(Data under study)

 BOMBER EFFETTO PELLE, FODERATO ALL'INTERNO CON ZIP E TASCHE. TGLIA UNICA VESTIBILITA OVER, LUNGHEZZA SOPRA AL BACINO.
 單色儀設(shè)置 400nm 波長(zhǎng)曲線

--

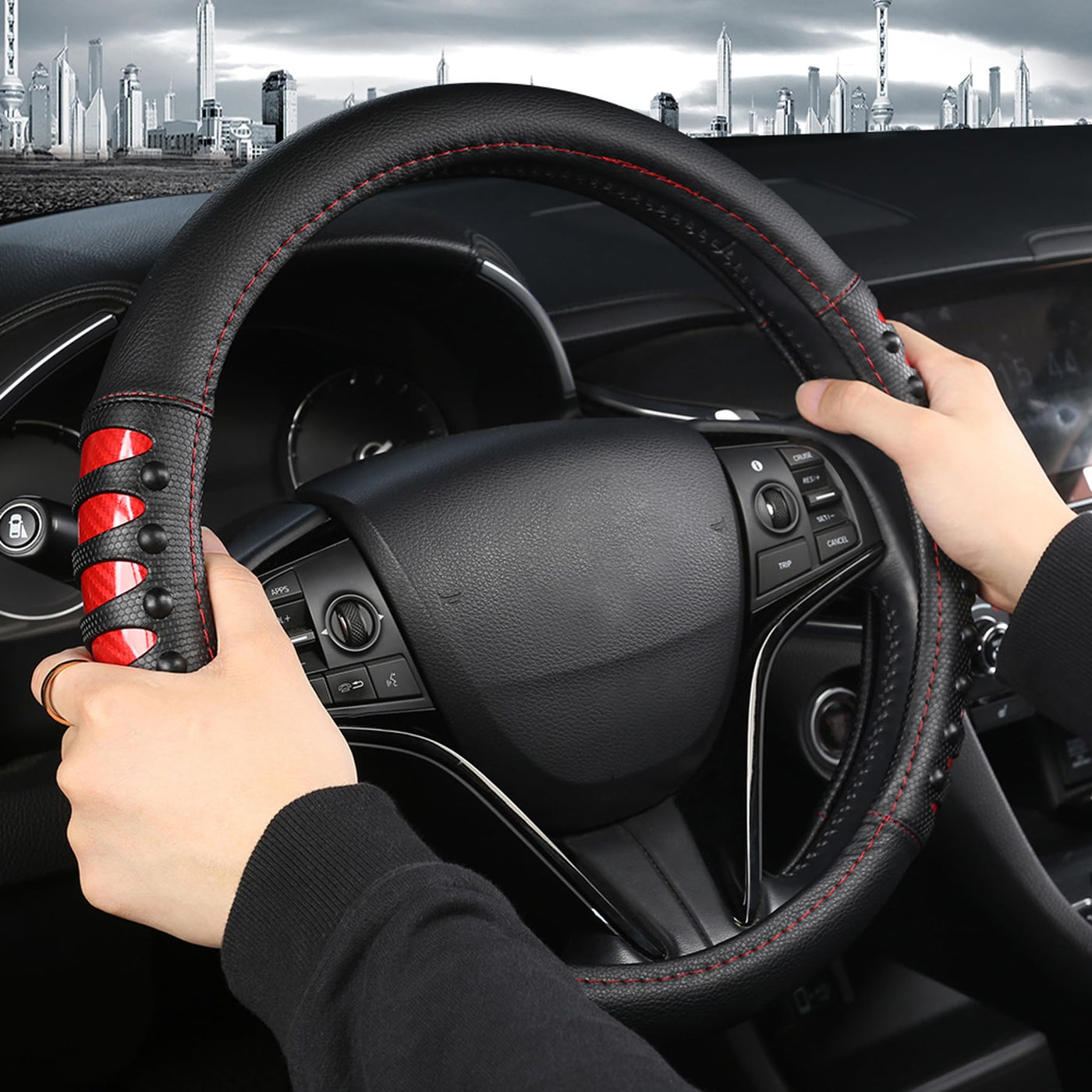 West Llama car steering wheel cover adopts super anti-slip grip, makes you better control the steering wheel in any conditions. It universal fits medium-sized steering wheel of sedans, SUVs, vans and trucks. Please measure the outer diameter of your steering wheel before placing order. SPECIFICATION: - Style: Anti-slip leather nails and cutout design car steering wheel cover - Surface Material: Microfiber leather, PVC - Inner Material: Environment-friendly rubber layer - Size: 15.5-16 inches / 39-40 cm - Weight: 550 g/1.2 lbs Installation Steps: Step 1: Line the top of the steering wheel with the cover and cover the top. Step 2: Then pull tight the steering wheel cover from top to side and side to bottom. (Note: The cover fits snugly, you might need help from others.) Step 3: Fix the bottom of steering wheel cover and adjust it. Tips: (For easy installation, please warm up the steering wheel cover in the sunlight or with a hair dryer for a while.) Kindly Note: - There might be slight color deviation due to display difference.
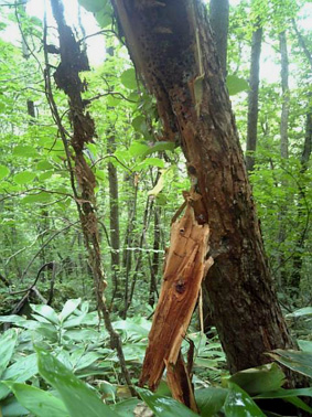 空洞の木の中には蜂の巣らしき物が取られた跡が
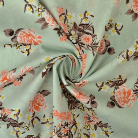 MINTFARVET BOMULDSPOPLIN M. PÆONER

(About this exercise)
Using the records above, print exactly the lines between the ones containing "West Llama car" and "MINTFARVET BOMULDSPOPLIN M. PÆONER", inclusive, and nothing else; no pictures.

(Answer space)
 West Llama car steering wheel cover adopts super anti-slip grip, makes you better control the steering wheel in any conditions. It universal fits medium-sized steering wheel of sedans, SUVs, vans and trucks. Please measure the outer diameter of your steering wheel before placing order. SPECIFICATION: - Style: Anti-slip leather nails and cutout design car steering wheel cover - Surface Material: Microfiber leather, PVC - Inner Material: Environment-friendly rubber layer - Size: 15.5-16 inches / 39-40 cm - Weight: 550 g/1.2 lbs Installation Steps: Step 1: Line the top of the steering wheel with the cover and cover the top. Step 2: Then pull tight the steering wheel cover from top to side and side to bottom. (Note: The cover fits snugly, you might need help from others.) Step 3: Fix the bottom of steering wheel cover and adjust it. Tips: (For easy installation, please warm up the steering wheel cover in the sunlight or with a hair dryer for a while.) Kindly Note: - There might be slight color deviation due to display difference.
 空洞の木の中には蜂の巣らしき物が取られた跡が
 MINTFARVET BOMULDSPOPLIN M. PÆONER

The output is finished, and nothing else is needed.